■ **Try it**: Please output exactly the lines below, starting at the line that has "Red Multi Floral Smocked Maxi" and ending at the line that has "2025早秋 C家 復古肌理感孔雀綠西裝長褲", both included; leave out all pictures and include nothing else.

Data for analysis section start

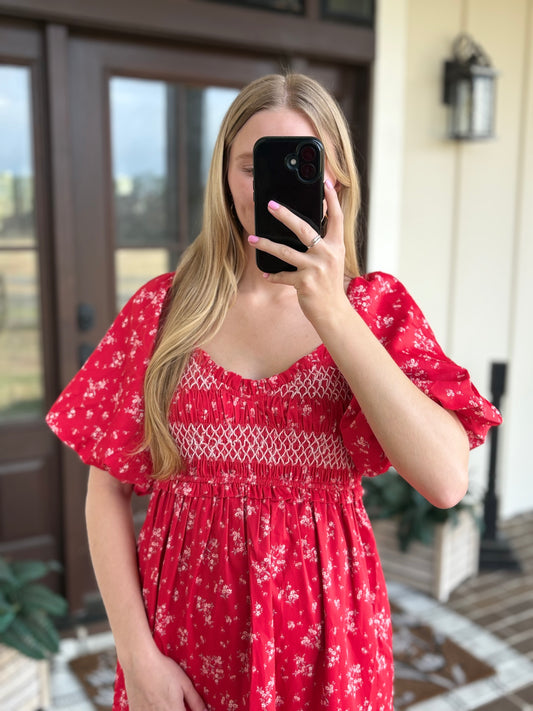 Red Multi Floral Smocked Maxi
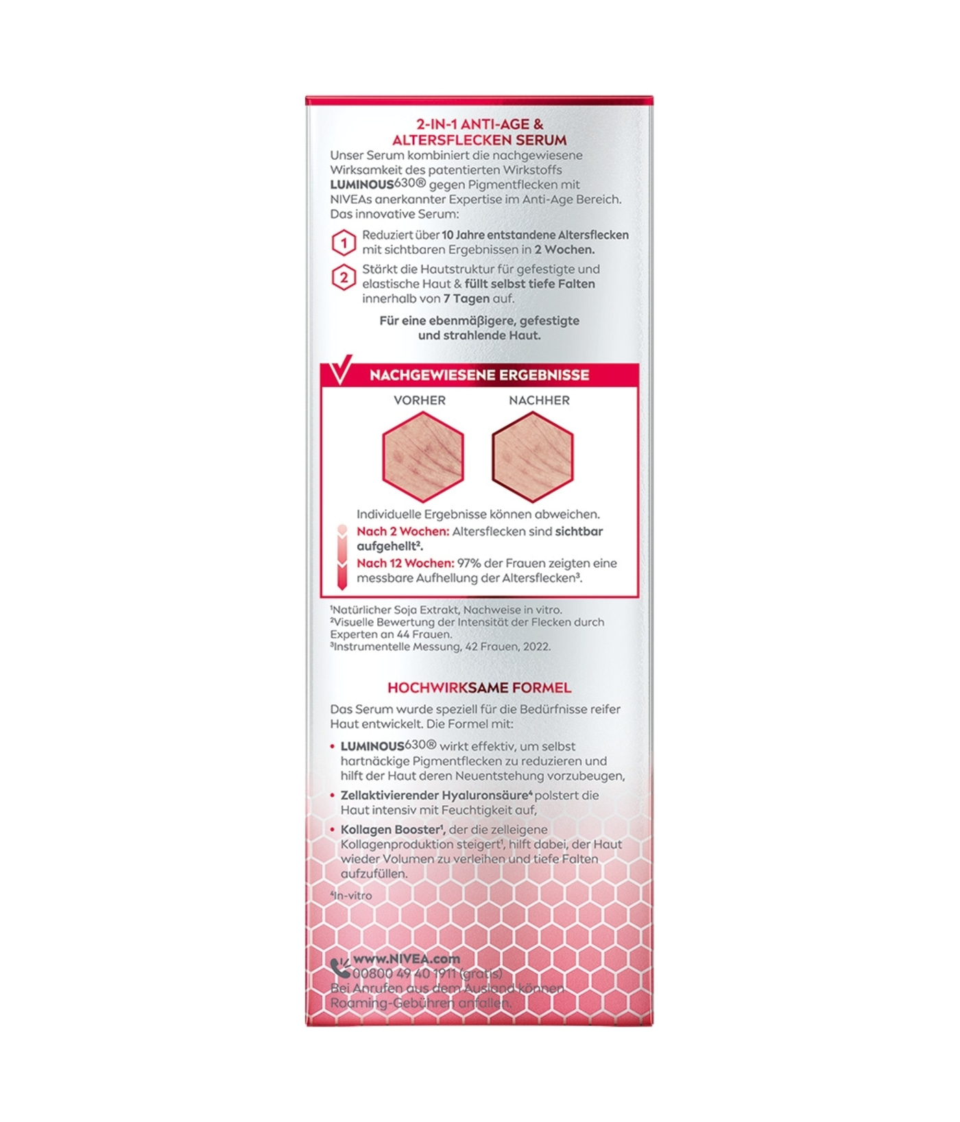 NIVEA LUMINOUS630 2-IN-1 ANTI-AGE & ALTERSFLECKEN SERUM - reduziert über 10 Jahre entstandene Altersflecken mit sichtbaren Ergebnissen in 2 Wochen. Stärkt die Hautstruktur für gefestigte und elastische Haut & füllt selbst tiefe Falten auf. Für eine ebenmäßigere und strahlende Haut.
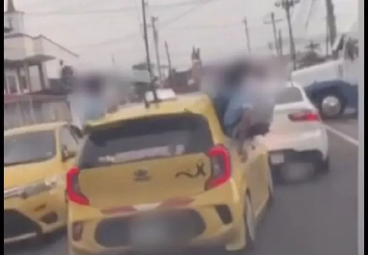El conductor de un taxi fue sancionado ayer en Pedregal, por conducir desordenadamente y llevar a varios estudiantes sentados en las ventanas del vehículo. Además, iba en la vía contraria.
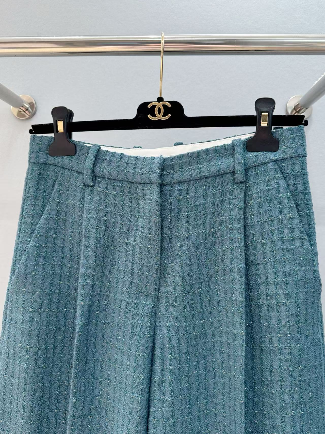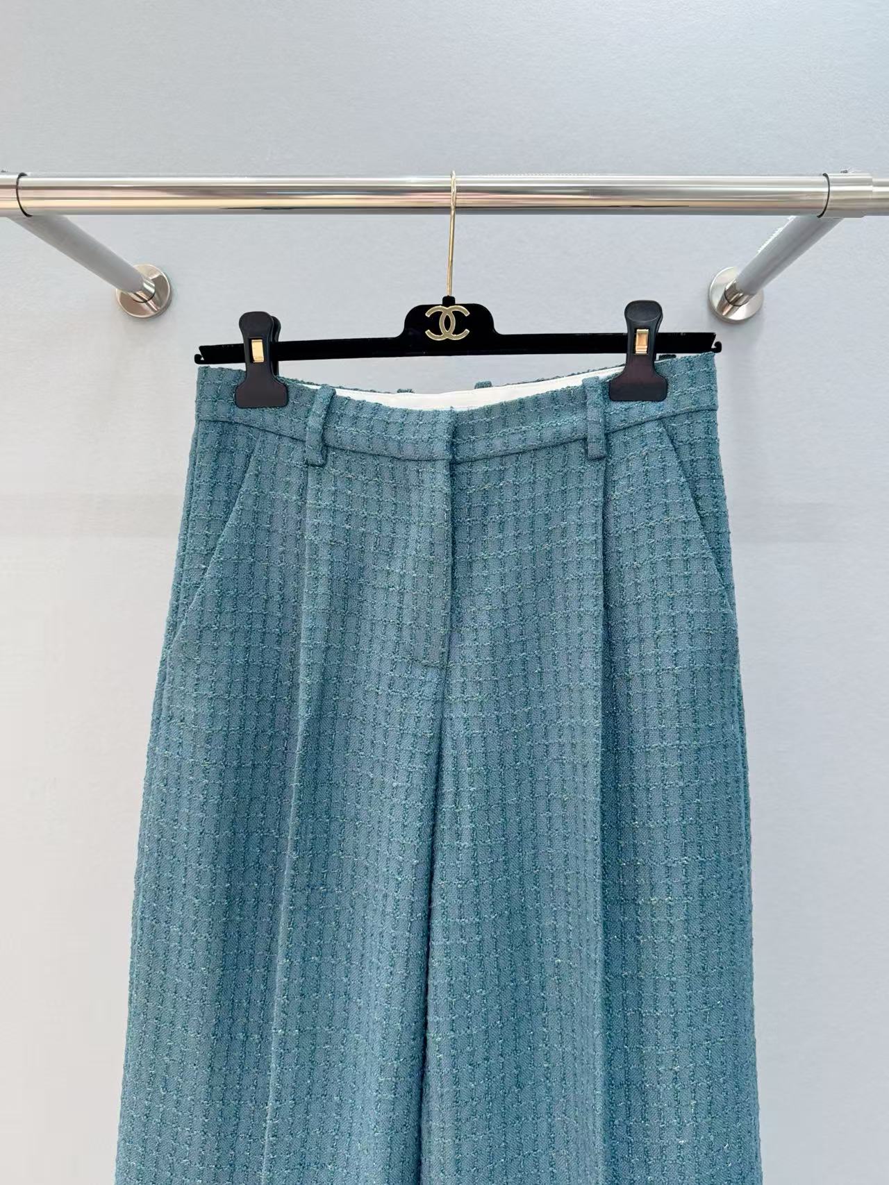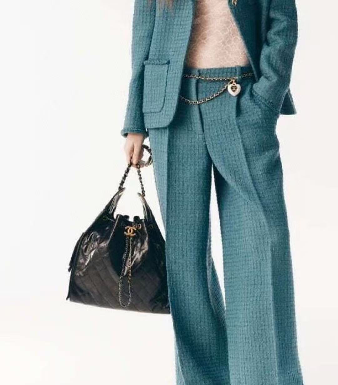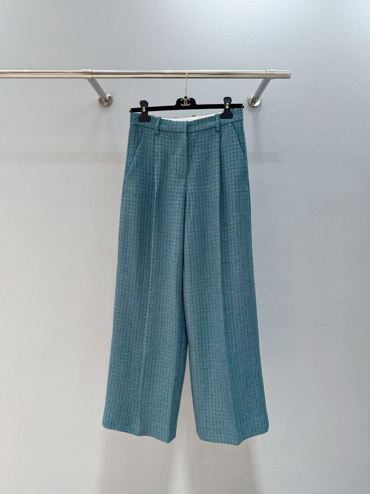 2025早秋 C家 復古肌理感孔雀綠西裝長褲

Data for analysis section end
Data for analysis section start

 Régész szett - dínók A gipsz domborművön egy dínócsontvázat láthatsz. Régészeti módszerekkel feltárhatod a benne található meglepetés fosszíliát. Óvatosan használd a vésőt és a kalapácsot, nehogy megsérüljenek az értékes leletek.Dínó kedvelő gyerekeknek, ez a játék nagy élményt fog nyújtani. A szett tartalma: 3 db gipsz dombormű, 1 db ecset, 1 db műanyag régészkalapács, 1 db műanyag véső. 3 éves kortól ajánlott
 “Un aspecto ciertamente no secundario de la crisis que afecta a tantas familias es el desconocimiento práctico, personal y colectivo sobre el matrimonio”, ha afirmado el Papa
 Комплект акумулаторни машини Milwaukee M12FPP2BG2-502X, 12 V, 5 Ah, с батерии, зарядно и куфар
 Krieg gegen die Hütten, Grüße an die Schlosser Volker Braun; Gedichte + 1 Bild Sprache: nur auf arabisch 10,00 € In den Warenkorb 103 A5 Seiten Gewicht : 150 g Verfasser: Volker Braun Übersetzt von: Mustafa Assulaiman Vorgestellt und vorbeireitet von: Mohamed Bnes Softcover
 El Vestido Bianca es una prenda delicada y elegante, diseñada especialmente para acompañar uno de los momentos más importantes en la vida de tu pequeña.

Data for analysis section end
Data for analysis section start

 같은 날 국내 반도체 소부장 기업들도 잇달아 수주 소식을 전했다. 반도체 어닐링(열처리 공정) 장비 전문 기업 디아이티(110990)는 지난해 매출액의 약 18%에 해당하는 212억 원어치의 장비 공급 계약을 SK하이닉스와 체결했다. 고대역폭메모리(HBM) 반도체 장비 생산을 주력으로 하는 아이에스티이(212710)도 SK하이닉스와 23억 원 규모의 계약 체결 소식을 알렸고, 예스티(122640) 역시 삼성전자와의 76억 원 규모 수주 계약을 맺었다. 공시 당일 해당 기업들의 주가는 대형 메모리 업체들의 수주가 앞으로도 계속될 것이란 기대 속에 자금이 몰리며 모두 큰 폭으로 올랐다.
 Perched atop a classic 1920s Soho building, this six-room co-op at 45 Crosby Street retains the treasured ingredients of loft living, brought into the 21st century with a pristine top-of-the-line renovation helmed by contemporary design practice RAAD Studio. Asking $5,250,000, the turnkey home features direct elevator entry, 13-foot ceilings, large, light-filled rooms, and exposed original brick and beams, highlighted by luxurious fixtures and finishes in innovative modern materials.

Data for analysis section end

■ **Your solution**:
 Red Multi Floral Smocked Maxi
 NIVEA LUMINOUS630 2-IN-1 ANTI-AGE & ALTERSFLECKEN SERUM - reduziert über 10 Jahre entstandene Altersflecken mit sichtbaren Ergebnissen in 2 Wochen. Stärkt die Hautstruktur für gefestigte und elastische Haut & füllt selbst tiefe Falten auf. Für eine ebenmäßigere und strahlende Haut.
El conductor de un taxi fue sancionado ayer en Pedregal, por conducir desordenadamente y llevar a varios estudiantes sentados en las ventanas del vehículo. Además, iba en la vía contraria.
 2025早秋 C家 復古肌理感孔雀綠西裝長褲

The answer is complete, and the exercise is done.